'''
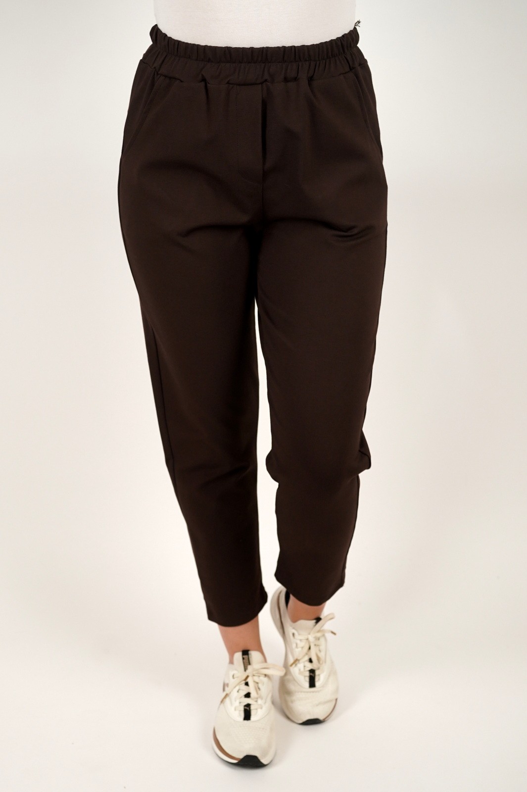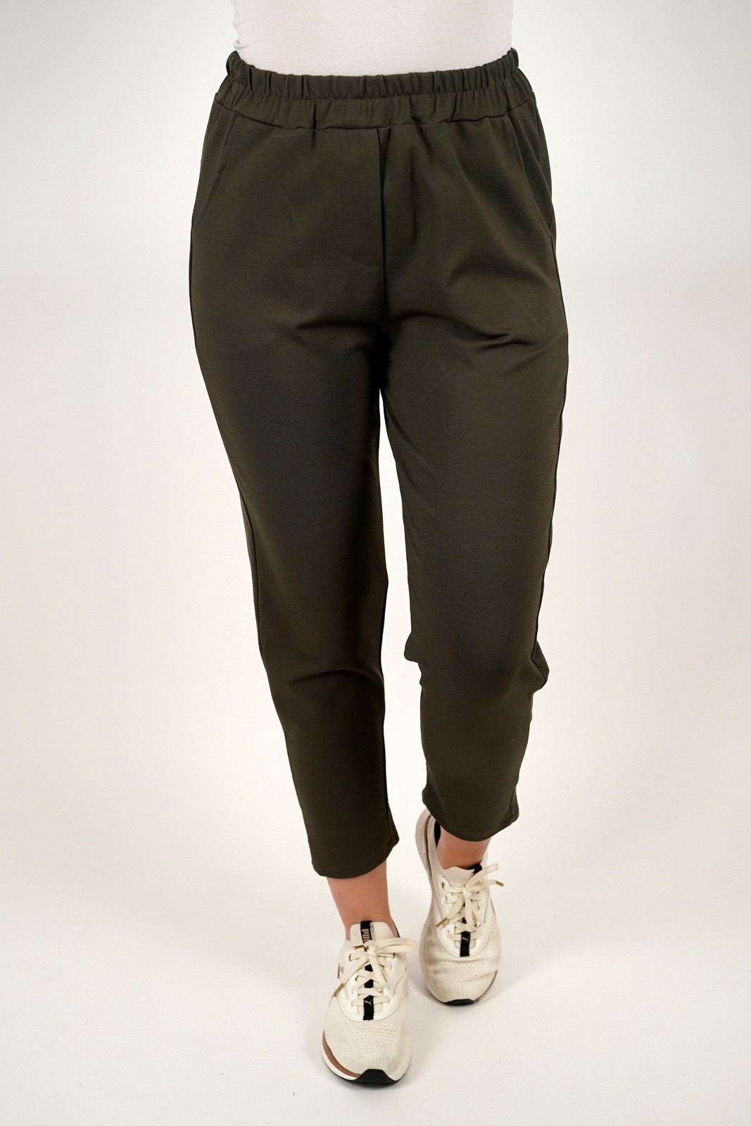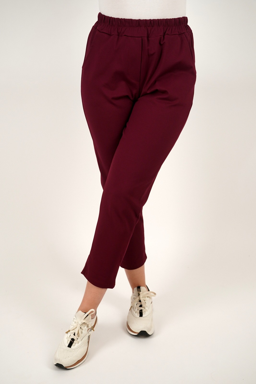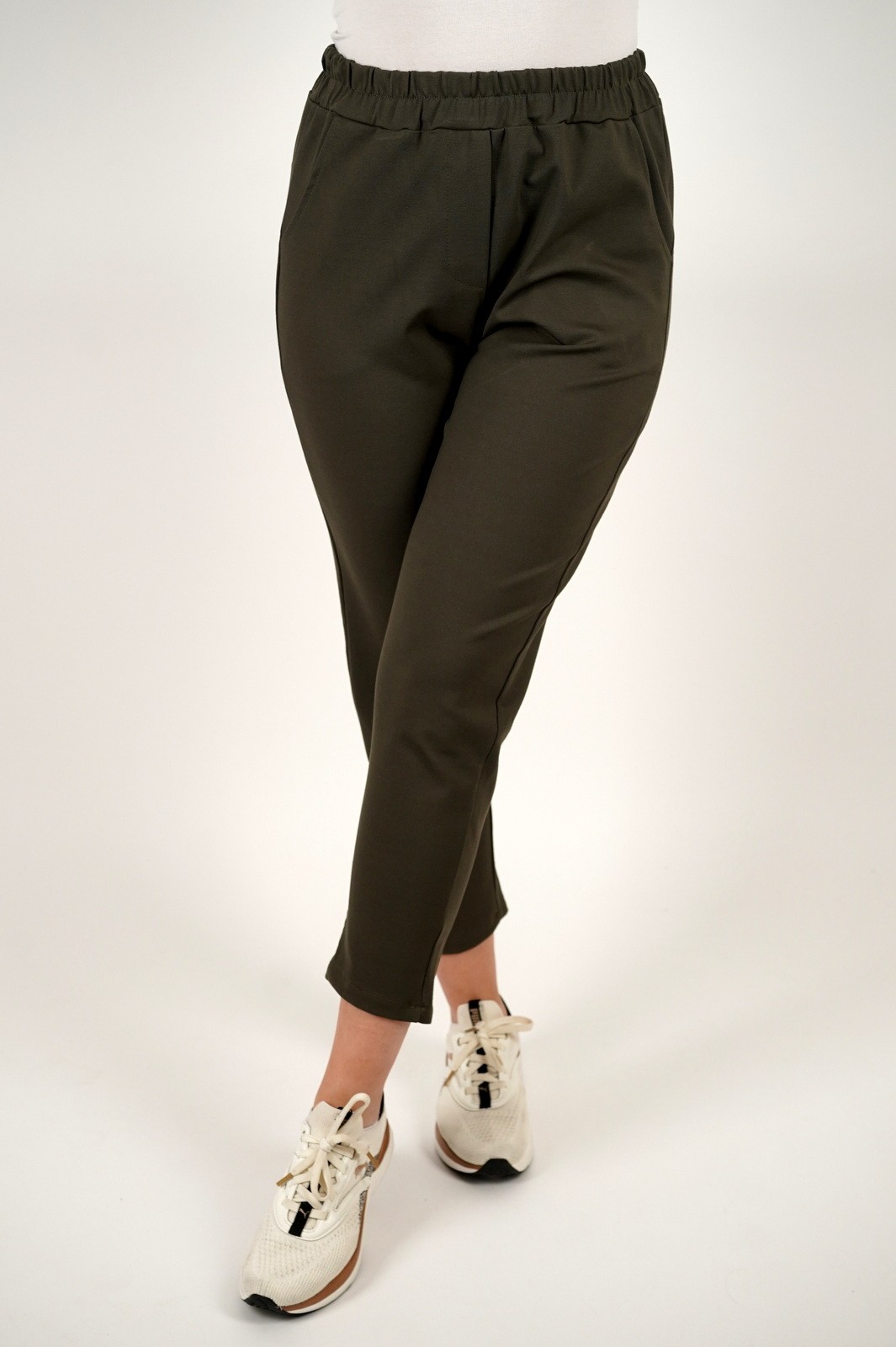 Ženske elastične hlače s visokim strukom i podvrnutim rubom savršen su izbor za svakodnevno nošenje. Izrađene od udobnog, lagano rastezljivog materijala koji omogućuje slobodu pokreta, ove hlače pružaju osjećaj lakoće i udobnosti tijekom cijelog dana. Model s elastičnim pojasom lijepo pristaje svakoj figuri i naglašava struk, dok praktični džepovi daju dodatnu funkcionalnost.
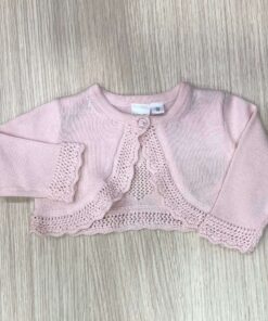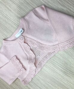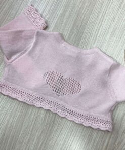 Coprispalle neonata/bambina in filo di cotone, di colore rosa, con dettaglio di cuoricino e bordino lavorato a maglia. Coprispalle con chiusura a bottoncino.
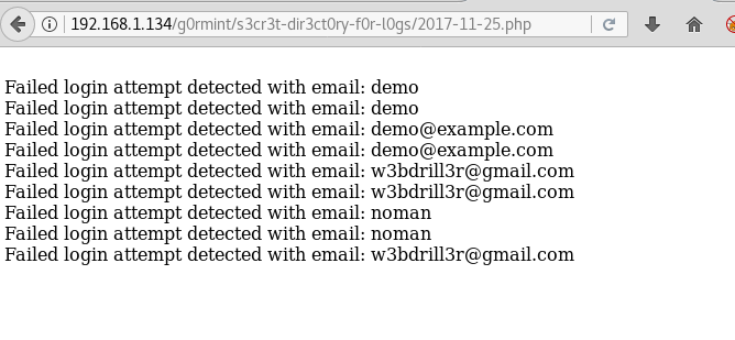 Now that we are authorized we take a look at the log file. In the config.php we find that the logs are stored in s3r3t-dir3ct0ry-f0r-l0gs/ directory in the file name format yy-mm-dd.php
'''
Work item: The whole listing should be restated word for word, with no pictures.

Expected answer:
 Ženske elastične hlače s visokim strukom i podvrnutim rubom savršen su izbor za svakodnevno nošenje. Izrađene od udobnog, lagano rastezljivog materijala koji omogućuje slobodu pokreta, ove hlače pružaju osjećaj lakoće i udobnosti tijekom cijelog dana. Model s elastičnim pojasom lijepo pristaje svakoj figuri i naglašava struk, dok praktični džepovi daju dodatnu funkcionalnost.
 Coprispalle neonata/bambina in filo di cotone, di colore rosa, con dettaglio di cuoricino e bordino lavorato a maglia. Coprispalle con chiusura a bottoncino.
 Now that we are authorized we take a look at the log file. In the config.php we find that the logs are stored in s3r3t-dir3ct0ry-f0r-l0gs/ directory in the file name format yy-mm-dd.php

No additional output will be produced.